Traditional marriage is being gnawed on by a culture that too often regards "I do" as a punchline. While divorce nibbles away at nuptials, Fox-TV airs "Trading Spouses: Meet Your New Mommy," a show that swaps husbands and wives like baseball cards. The 205,000-member AshleyMadison.com - whose slogan is "When Monogamy Becomes Monotony" - helps people cheat on their spouses. Philanderers.com, one of many more Internet adultery sites, helpfully advises that toothpaste removes lipstick stains.

Padlocking every gay bar from Provincetown to West Hollywood would not slow such outrages, nor would restricting each marriage to one man and one woman make heterosexuals stop behaving badly.

Something as vital as marriage should be out of public hands. Government should exit the marriage business and quit issuing marriage licenses. If you want to get married, get married. Why beg City Hall's permission?

That said, if America must license marriage, there are methods beyond discriminatory constitutional amendments that would preserve traditional marriage and protect children. After all, these are what gay-marriage opponents claim as their real objectives. If so, social conservatives should embrace any of the following reforms to advance their goals:

  • Ban divorce. Yes, this would be a drastic measure, but with roughly half of first marriages ending in divorce, it may be time for drastic action. This is the most powerful weapon to defend marriage: Simply make it illegal to break marital bonds. What part of "Till death do us part" do divorcees find unclear?
  • Limit marriage licenses to one per person. Everybody gets one chance to get it right. No trial matrimonies, Britney Spears stunts, or Elizabeth Taylor serial husbandry.

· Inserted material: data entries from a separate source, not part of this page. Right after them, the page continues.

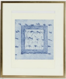 Tours 1925 – 2008 Mougins, ‚Resonance‘, Farbradierung und Collage mit Prägedruck auf teils blauem Fond, 13/40, 62 x 47,5 cm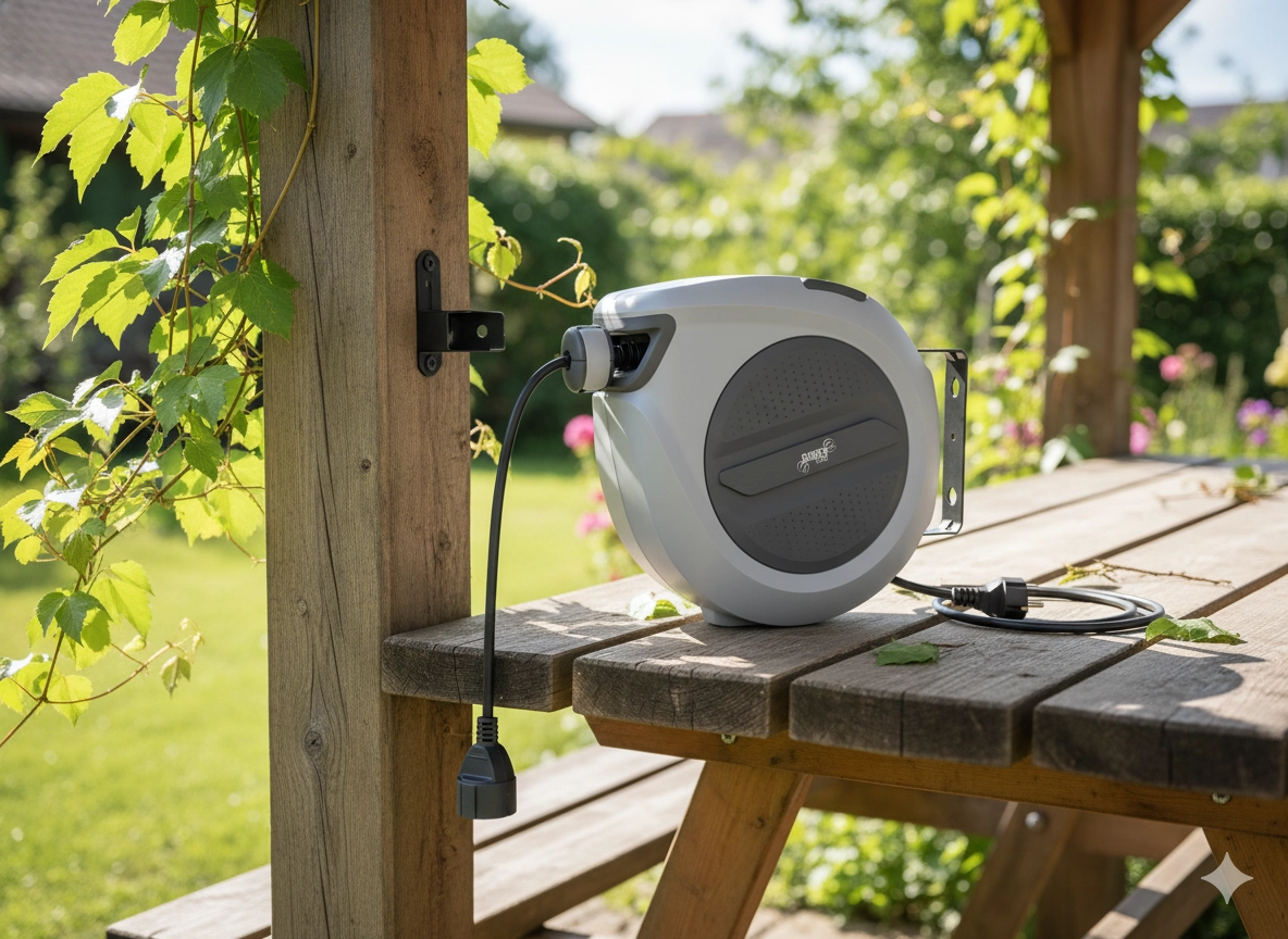 Solidna konstrukcja z obrotowym uchwytem ściennym zapewnia wygodne użycie dokładnie tam, gdzie tego potrzebujesz. Zwijarka to świetny wybór do warsztatu, garażu i ogrodu, gdzie docenisz szybkie uporządkowanie przewodu bez plątania oraz bezpieczniejsze miejsce pracy.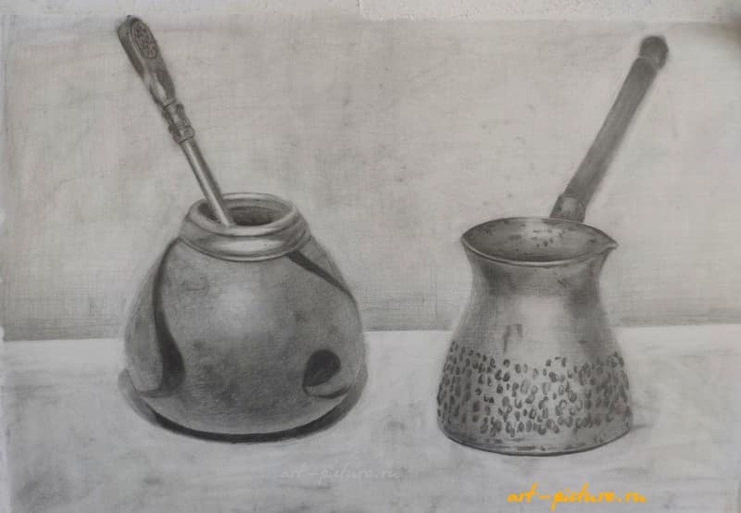 Какой интересный выбор предметов! Калабас для мате и турка для кофе — символы культур, которые объединяют людей за чаем и кофе. Линии и светотень подчеркивают их форму и текстуру, создавая атмосферу уюта и тепла.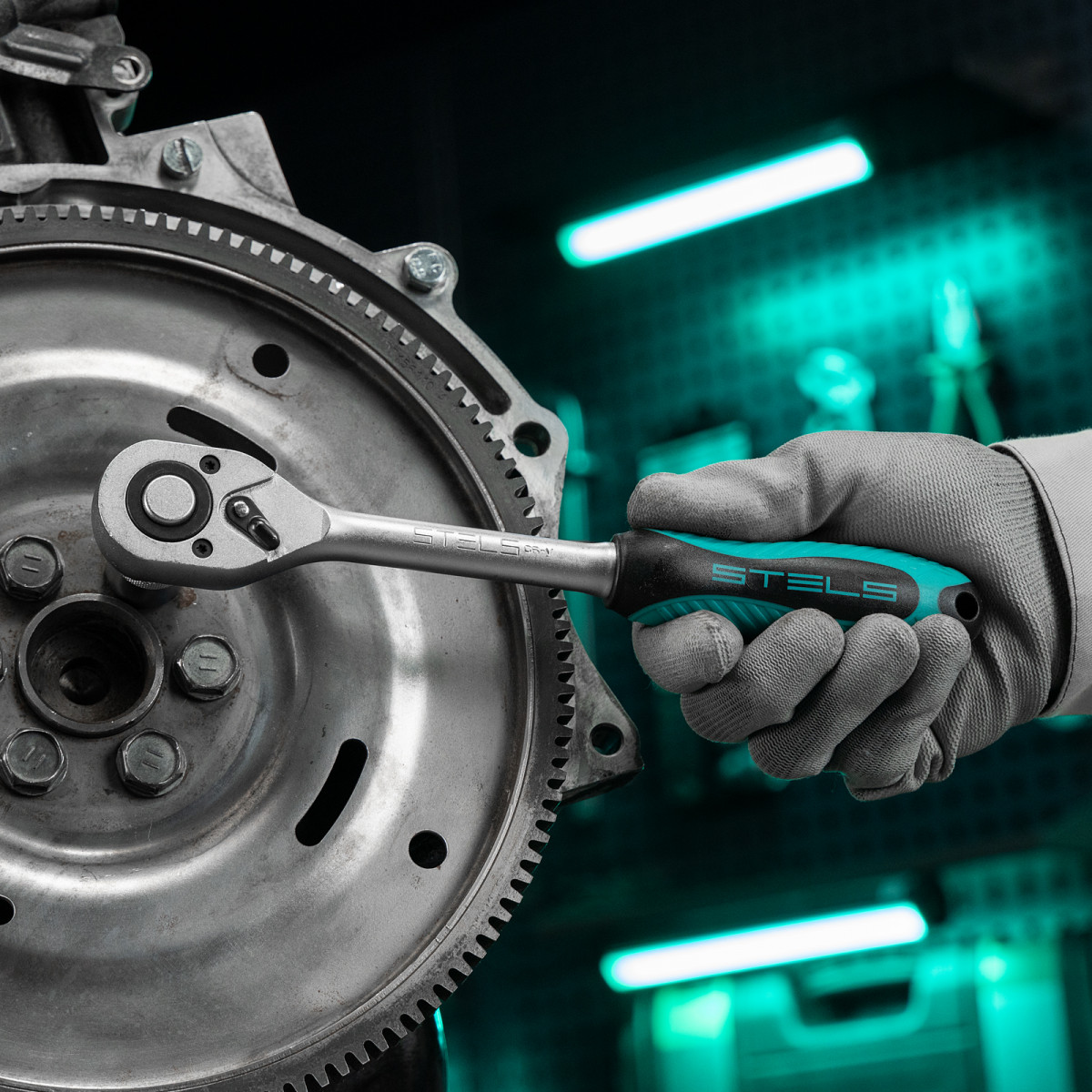 • Удобная работа в труднодоступных местах — трещотка с 72 зубьями позволяет вращать крепеж плавно и мягко.
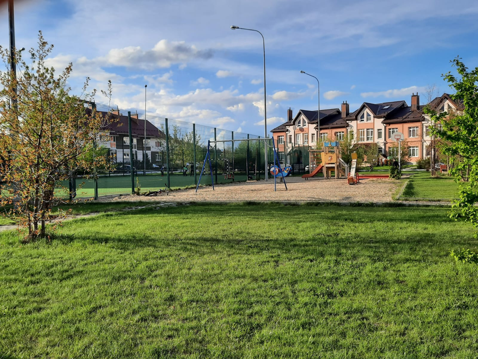 Поселок охраняемый, огорожен, много зеленых насаждений. Имеются детские площадки, баскетбольное поле, футбольное поле. На территории поселка имеется площадка для выгула собак. Рядом школы, детские сады, поликлиника (детская и взрослая), в шаговой доступности остановка транспорта, ТЦ Мега, Радуга парк.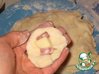 Тесто наполовину заварное, с добавлением творога и картофельного пюре. Структура теста довольная плотная, но нежная, начинка из моцареллы и копченой колбаски добавляет пикантности. Можно без начинки, а можно и с фруктами сделать, будет десертный вариант.

People might be more careful about pairing for life if they knew they had only one shot at marriage. A common-sense exception could be made to let widows and widowers re-marry.
  • Introduce probationary marriage licenses for heterosexuals. Gay-marriage foes say their efforts are "all about the children," as seems to be the case with everything these days. (Homer Simpson last season crisply summarized my opinion of kids: "Children are our future - unless we stop them now!") Each couple would have five years to bear at least one baby of its own or adopt at least one child. This would advance the species, give lots of new kids moms and dads, and also move boys and girls from orphanages into homes.

    The marriage license of each childless couple would lapse on their fifth anniversary. This would limit the number of child-free husbands and wives, such as Mr. and Mrs. Patrick Buchanan, who, presumably, remain married to share their love with each other as adults, not to rear children. Straight marriage advocates argue that the institution does not exist to keep adults emotionally satisfied and mutually devoted. Instead, as National Review Online's Stanley Kurtz has written, "the core purpose of marriage is to bind children to their mothers and fathers." The Buchanans and couples like them are entitled to find that sentiment breathtakingly presumptuous.
  • The flip side of this notion: provisional marriage licenses for gay couples. They could stay married as long as they remained childless. The moment a gay couple either adopted a child or managed to deliver one naturally through surrogate parenting, artificial insemination, etc., their marriage license would become null and void, and they simply would become two people living together under one roof. This would provide the socially desirable benefits of curbing gay promiscuity while promoting gay monogamy. And who can argue with that? This simultaneously would reduce the odds that gay people would raise children, what with all the challenges this presents. If social conservatives are sincere, they should applaud this compromise.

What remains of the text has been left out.